I've checked in some code that detects branches to branches and merges them if they meet some basic requirements. As such, Boomerang can now generate code like:

if (a < b && b < c) {
// x
} else {
// y
}

instead of generating a goto statement. I've checked in a couple of test programs that exercise this analysis. I havn't looked at how this analysis effects loops or more obscure control structures.. so there could well be bugs here.

Tuesday, July 04, 2006

Unfinished Assortments

I received an email of inspiration from Mike a week ago outlining how similar conjunctions and disjunctions in short circuited if statements are at the binary level. After looking at the problem myself I found it was a pretty simple problem. If one of the two out edges of a branch node is another branch node which contains only a branch statement, and the destination of that statement is shared with the first branch statement then you can merge the condition of the second branch into the condition of the first branch. Exactly what combination of fall/taken edges are shared by the two branches is what determines whether an || or a && should be used. This is a pretty easy transformation to do just before code generation (or just after decompilation) and I'm about half way through implementing it.
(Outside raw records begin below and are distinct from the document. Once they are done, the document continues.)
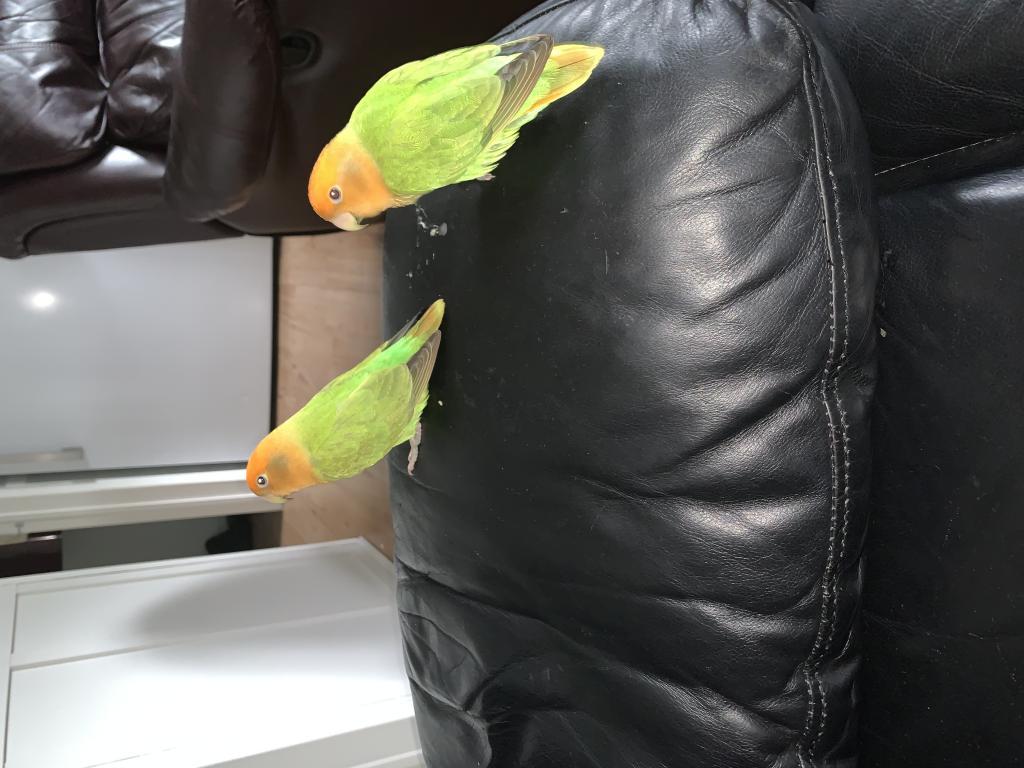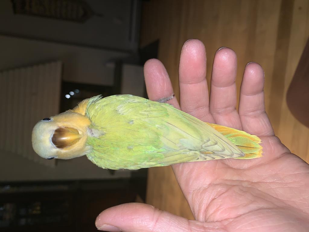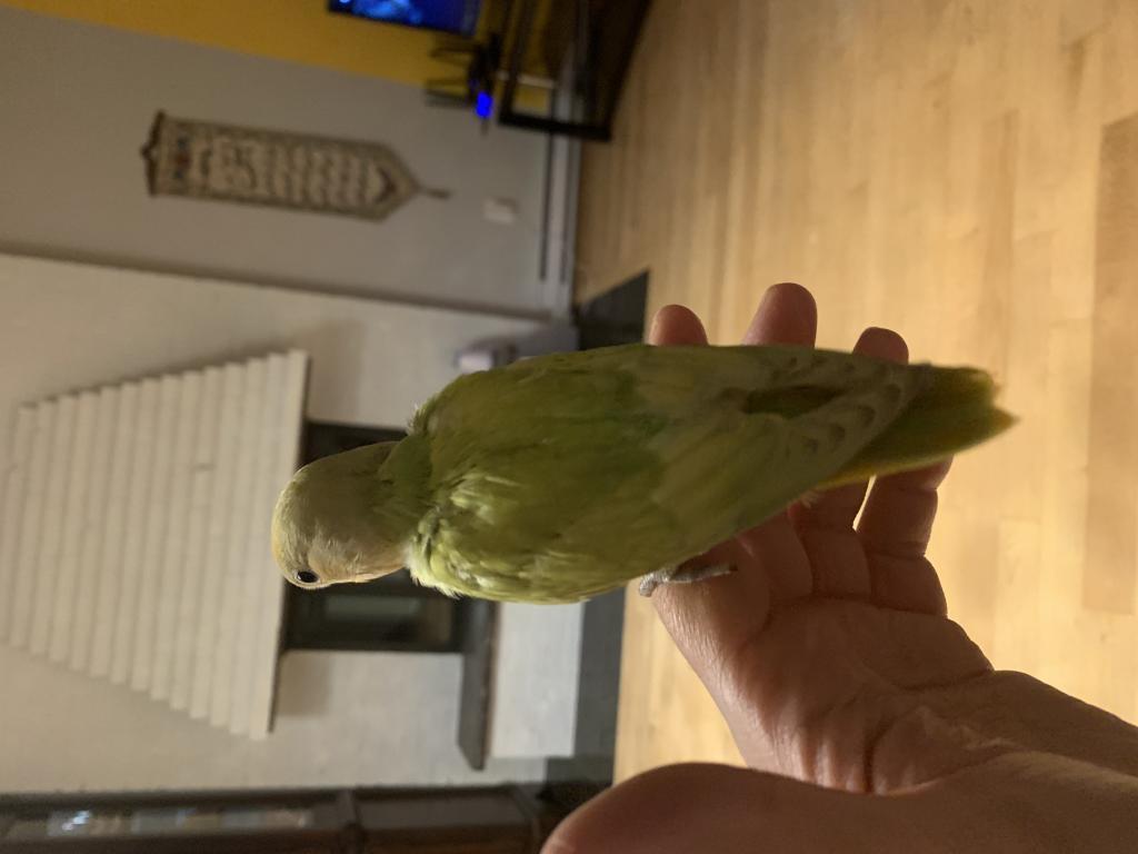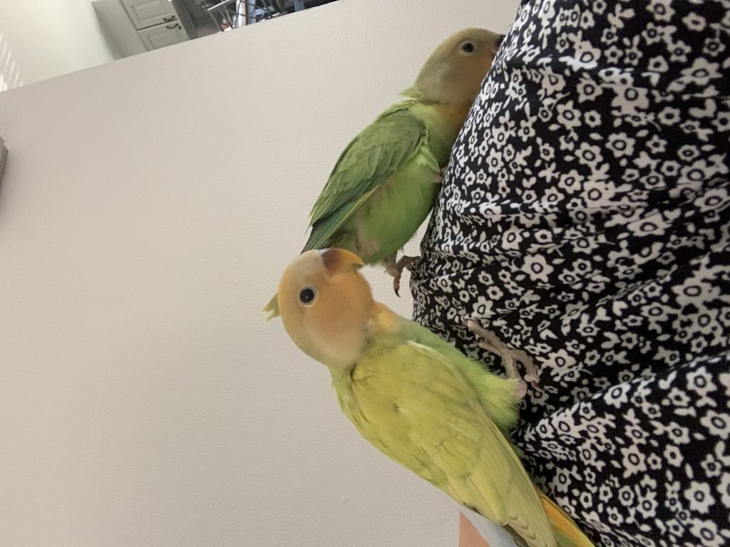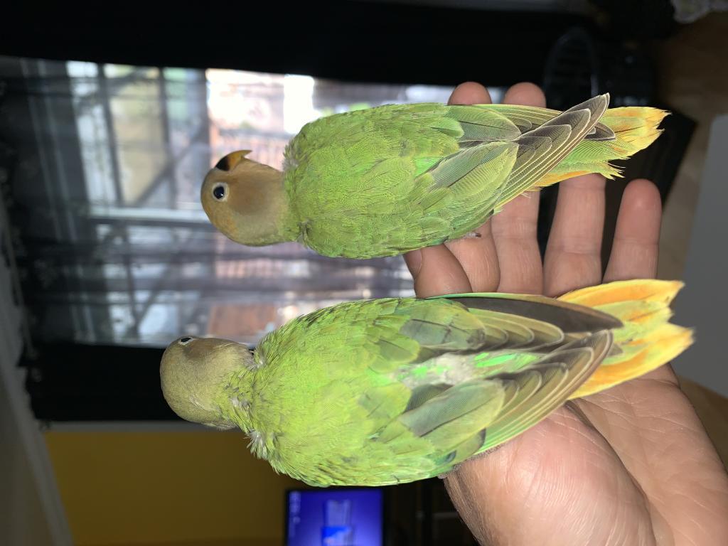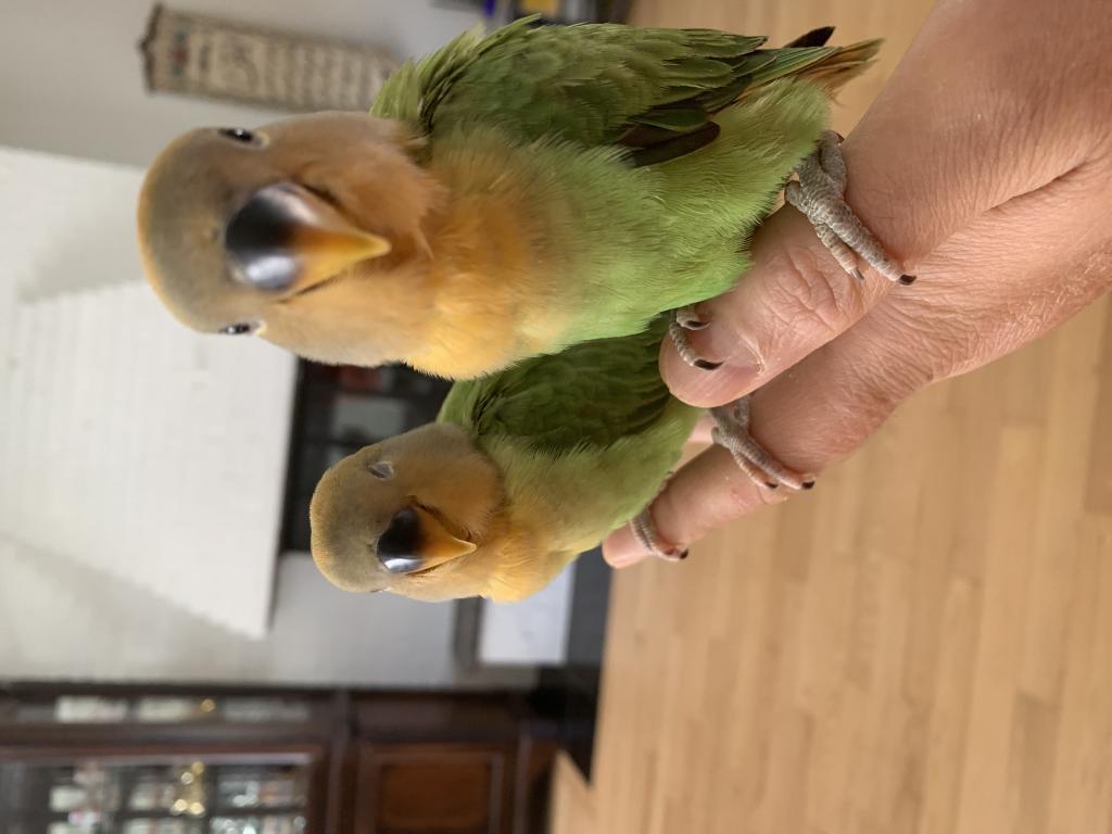 Trois inséparables, leurs têtes est orange et leurs cou aussi, ils commencent à manger seuls et on les nourris aussi. Ils sont manipulables, on connaît pas leurs sexe. Deux ressembles exactement à leurs parents et un sa couleur est entre le vert et le jaune. Dernière photo c’est la photo des parents. J’habite à repentigny 130$ chaque
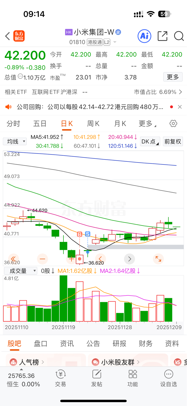 $小米集团-W(HK|01810)$ 我错了,下来接我
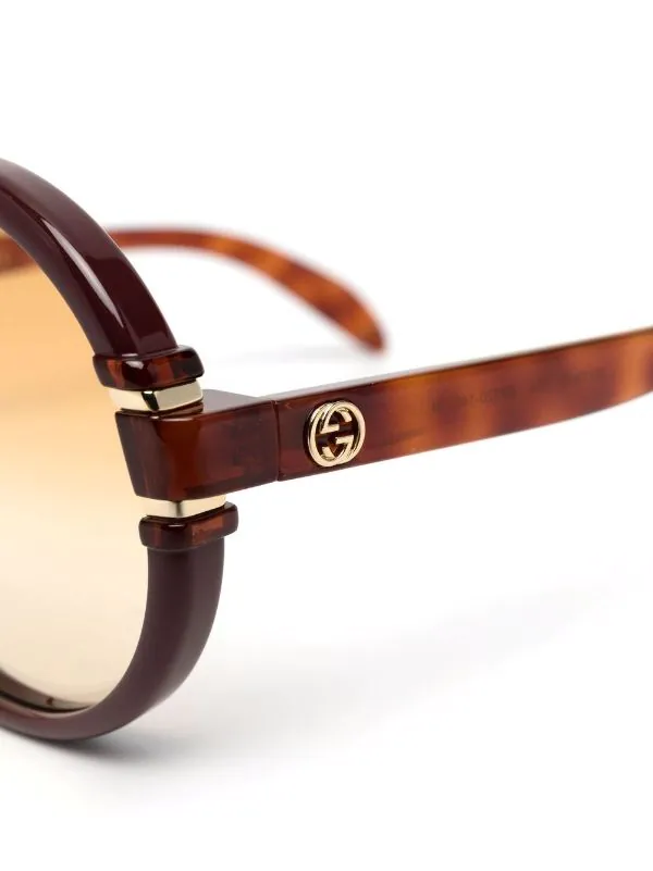 Boîtier à effet écaille de tortue, monture ronde, verres dégradés, plaque logo dorée, branches incurvées. Couleur : marron. Ces lunettes sont livrées avec un étui de protection.

Unfortunately I got sidetracked. My work, you know, the people who pay me, they have me doing - wait for it - Java development. I moaned about not just being a one trick pony a few too many times, so they've decided to put me to work on something other than C/C++. That's ok. So now I'm deep in the bowls of JBoss and Seam and Java Server Faces and Servlets and xhtml. Sometimes I feel dirty, but it passes.

In between being sidetracked I manage to find time to fool around with mysql. That's a nice big pain in the ass. I hate databases.

I've also been fooling around with Ogre3d again. In many ways it's fuckin' great, but if you want to do something that is not exactly on the beaten path, watch out. I've been trying to draw polygons, with the hope of providing an interface to extrude polygons into recognisable objects. Something with a Google Sketchup style interface would be nice. Unfortunately, to draw polygons you need to break them down into triangles. Why triangles? Cause that's all Ogre can draw. I managed to find some C++ code on flipcode that claims to be able to do it. Guess I'll try it out next time I get a chance. You'd figure something like this would be present in a graphics engine. You'd be wrong, because 99% of the people who use Ogre just load meshes from files, which they export from 3d editing programs.